Callum's body is right behind mine, his chest close enough that the heat of him bleeds through my sweater.
His arm brackets me against the sink. His face is near my ear, angled down to look at the cut, and his breath ghosts over the side of my neck.
"It's not deep," he says quietly. "Hold still."
I couldn't move if I wanted to, because my whole body is focused on the points of contact.
His thumb on my pulse, his chest behind my shoulder, his breath on my skin.
We've never been this close. All those dinners and barbecues and group outings, and there's always been a table between us, or a room full of people, or the comfortable distance of someone else's friend.
Neither of us ever let it get smaller than that.
I think we both knew, on some level, what would happen if we did.
Never this. Never alone in a space this small with his body practically wrapped around mine.
He turns my hand over gently, examining the cut under the water.
His touch is careful and practiced—the hands of someone who does this for a living, who bandages people up and holds them steady.
His fingers are calloused and way too gentle for how big they are.
I'm trying very hard to think about the cut and not about the fact that Callum Hayes is holding my hand in his sister's bathroom.
His scent hits me first.
Callum has always smelled good. I chalked it up to the crush.

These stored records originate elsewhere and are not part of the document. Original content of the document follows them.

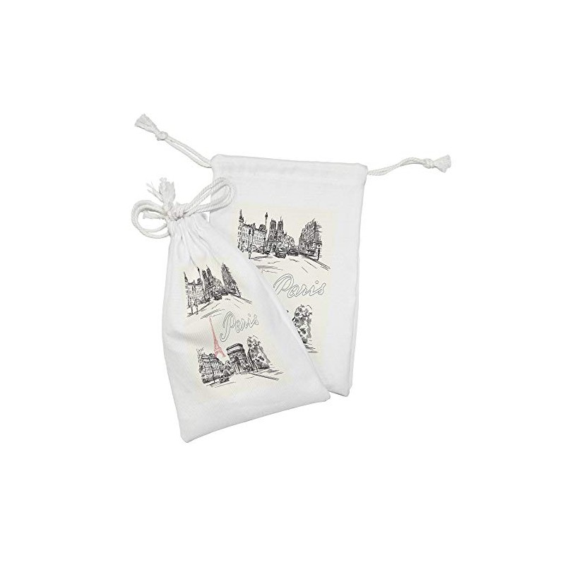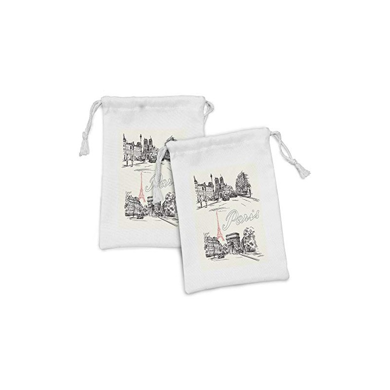 Lunarable Paris Fabric Pouch Set of 2, Arch of Triumph Restaurant Monument Old Fashioned Paris Street Sketch Style Art, Small Drawstring Bag for Toiletries Masks and Favors, 9" x 6", Black Cream Red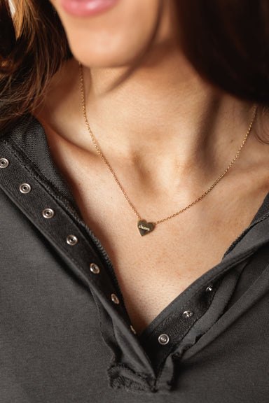 Wear your identity close to your heart with this dainty gold necklace that says it all in one powerful word. Featuring a petite heart pendant delic...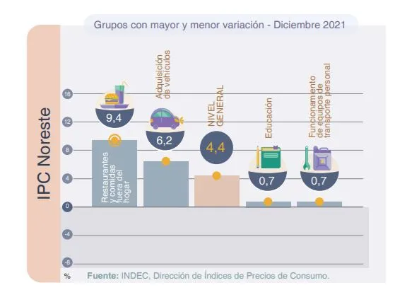 De esta manera y en lo que respecta al mes de diciembre, los productos-categoría que más sufrieron aumento fueron los siguientes: Restaurantes y hoteles 9,3%, Bebidas alcohólicas y tabaco 6,1%, Alimento y bebidas no alcohólicas 5,8%, Prendas de vestir y calzado 5,3%.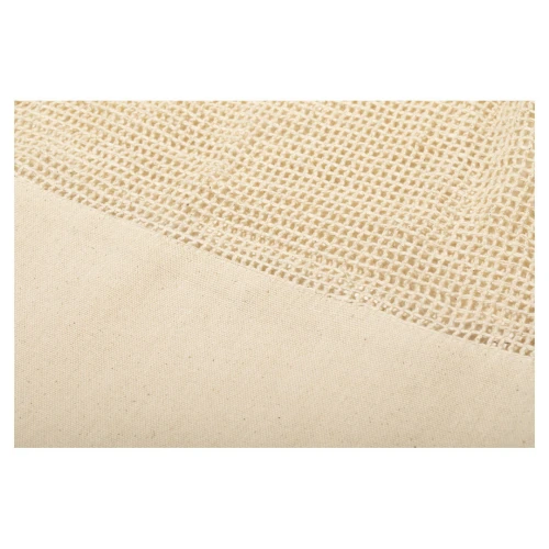 Bolsa de redecilla de línea nature en algodón crudo de 220g/m2, con superficie lisa para impresión. Asas largas de 60 cm reforzadas.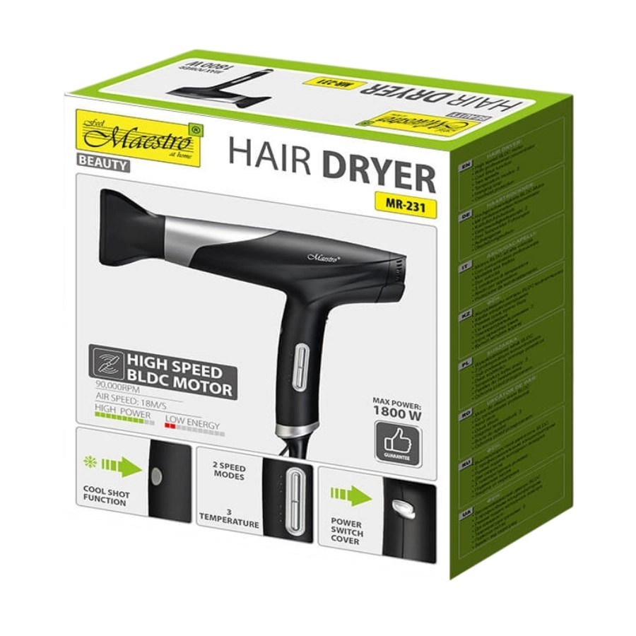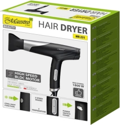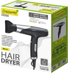 MAESTRO MR-231 je pouzdano sušilo dizajnirano za učinkovitu svakodnevnu njegu kose. Snažna snaga od 1800 W u kombinaciji s BLDC motorom od 90 000 okr./min osigurava brze rezultate čak i kod guste i duge kose. Brzina protoka zraka 18 m/s skraćuje vrijeme sušenja i pomaže zaštititi kosu od pretjerane topline.

Of course he smells good to me—I've wanted him since the flour-on-his-cheek incident.
Everything about him registers as more. But right now, this close, in this tiny space with his skin inches from mine—no buffer of other people's scents, no table between us, just him and me and the adrenaline still buzzing through my blood from the cut—it's different.
It's stronger. It's getting thicker in the air between us, like the walls are concentrating it.
Underneath the familiar comfort, there's something else pushing through. Something I've never smelled before.
Pine smoke. Clean skin. Something darker underneath, sweet and rich. It hits me in layers, and each one pulls something loose inside me, cracking open a place I didn't know existed.
My skin prickles. The hair on my arms stands up. A shiver runs through me, and it has nothing to do with the cold water.
Callum's hands slow on mine. "Milo." His voice sounds different. Lower, rougher, like something's caught in it.
I look up.
His face is right there, inches from mine. His eyes are wide and dark. The pupils are blown so big they're almost swallowing the color. His nostrils flare. His grip tightens on my wrist, and his breathing goes short and shallow, like he's trying not to inhale too deeply and he's losing the fight.
And then it hits me. The full force of his scent, all at once, like it was building behind a wall and the wall just came down. It's everywhere. It's in my mouth, it's on the back of my tongue, and my knees nearly go out from under me.
Callum catches me. Both hands on my waist, grip firm and automatic.